The next weapon in the feminine psychological arsenal is histrionics. Aggrandized exaggerations and overblown straw man tactics may seem like a last resort for women to the man attempting to rationally impose his red pill, legitimized, male experience, but know histrionics for what they are – a carefully design, feminine-specific and socially approved failsafe for women. In the same vein as a Woman’s Prerogative (women can change their minds) and the Feminine Mystique, female histrionics are a legitimized and socially excusable tactic with the latent purpose of protecting a woman’s solipsistic experience. She’s an emotional creature and your challenge to her ego only brings out the hysteric in her – it’s men’s fault that they don’t get it, and it’s men’s fault for bringing it out in her by challenging her solipsism. And thus is she excused from her protective histrionics at men’s cost.

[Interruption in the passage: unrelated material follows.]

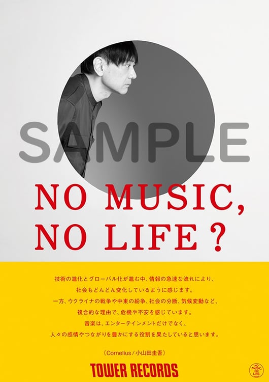 小山田圭吾(Cornelius)がタワーレコードの意見広告ポスターシリーズ「NO MUSIC, NO LIFE.」に登場する。
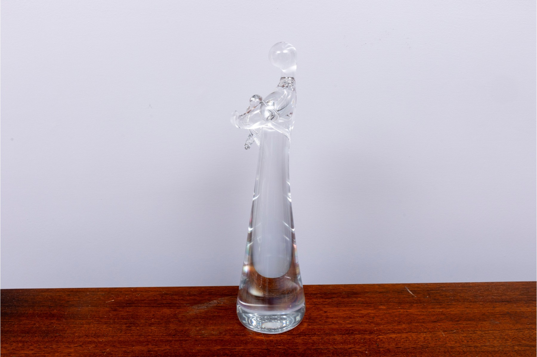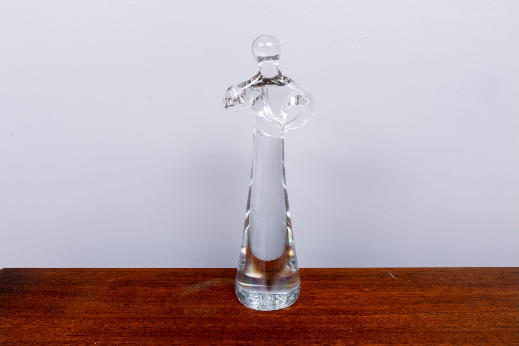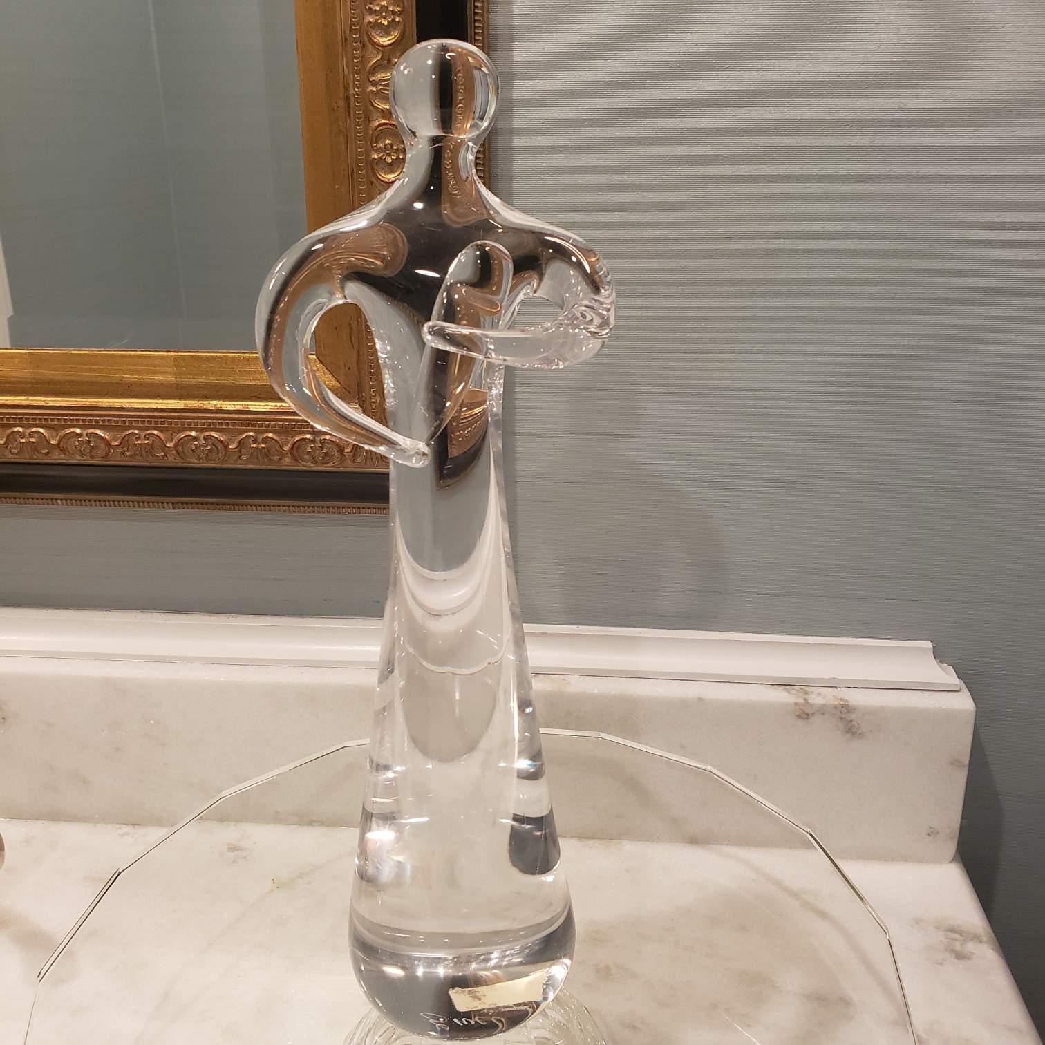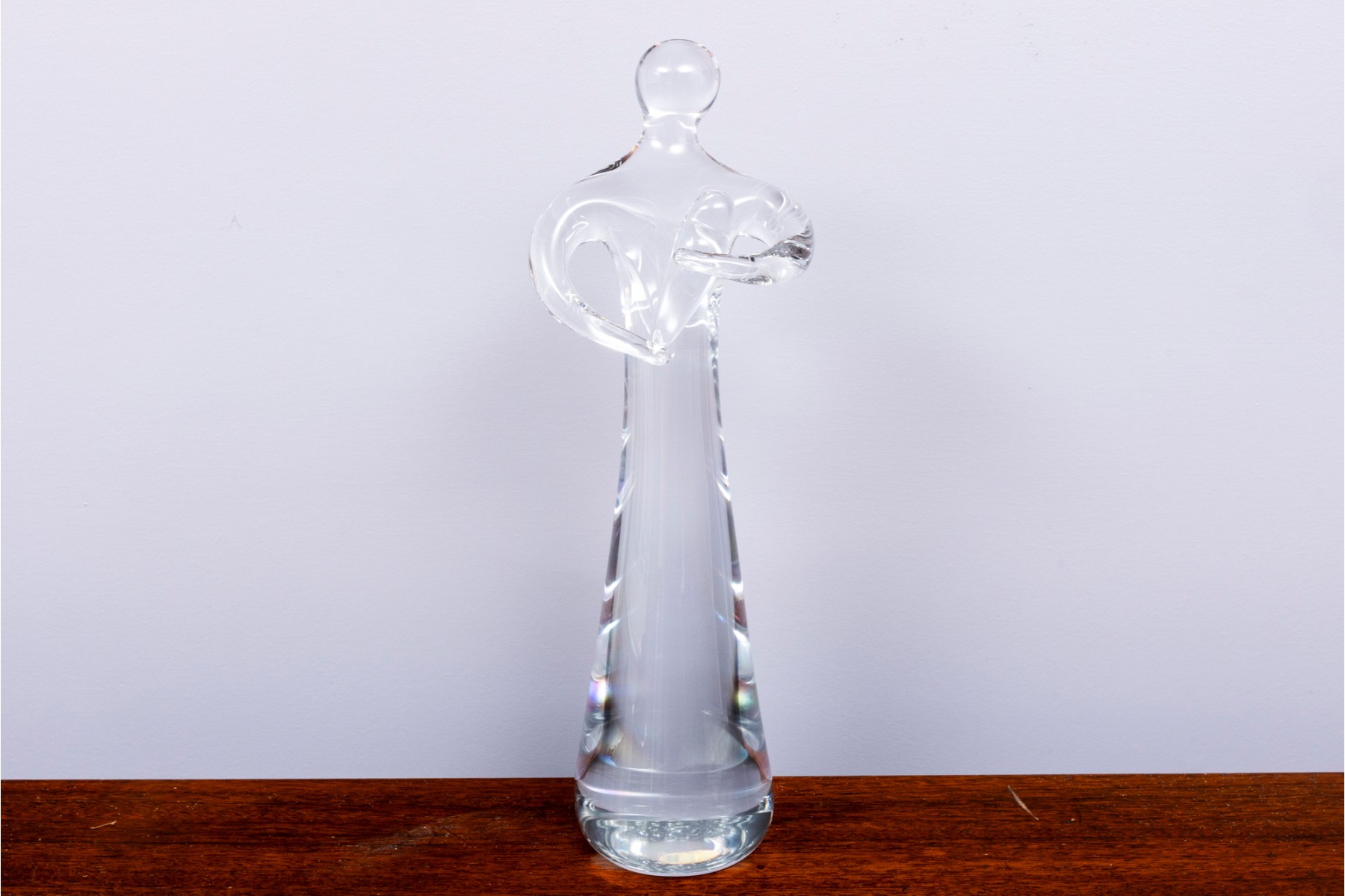 A lovely crystal art glass sculpture of a Madonna figure and child. Made in Sweden. An indistinct etched signature resides beneath the base.

It’s important for red pill Men to understand what their presence, much less their assertions, mean to the feminine; their very existence, just their questioning, represents a challenge to individual, ego-invested feminine solipsism. Always be prepared for the inevitable defense of a woman’s solipsism. Even in the most measured approach, you are essentially breaking a woman’s self-concept by reminding or asserting that her experience is not the universal experience. There’s a temptation for red pill Men to get comfortable with a woman’s who accepts red pill truths, only to find that her solipsism has only accepted the parts of those truths that its comfortable with and benefits from. That solipsism doesn’t die once she’s acknowledged the legitimacy of your experience, anymore than your sexual imperative dies if you accept her experience as the legitimate one.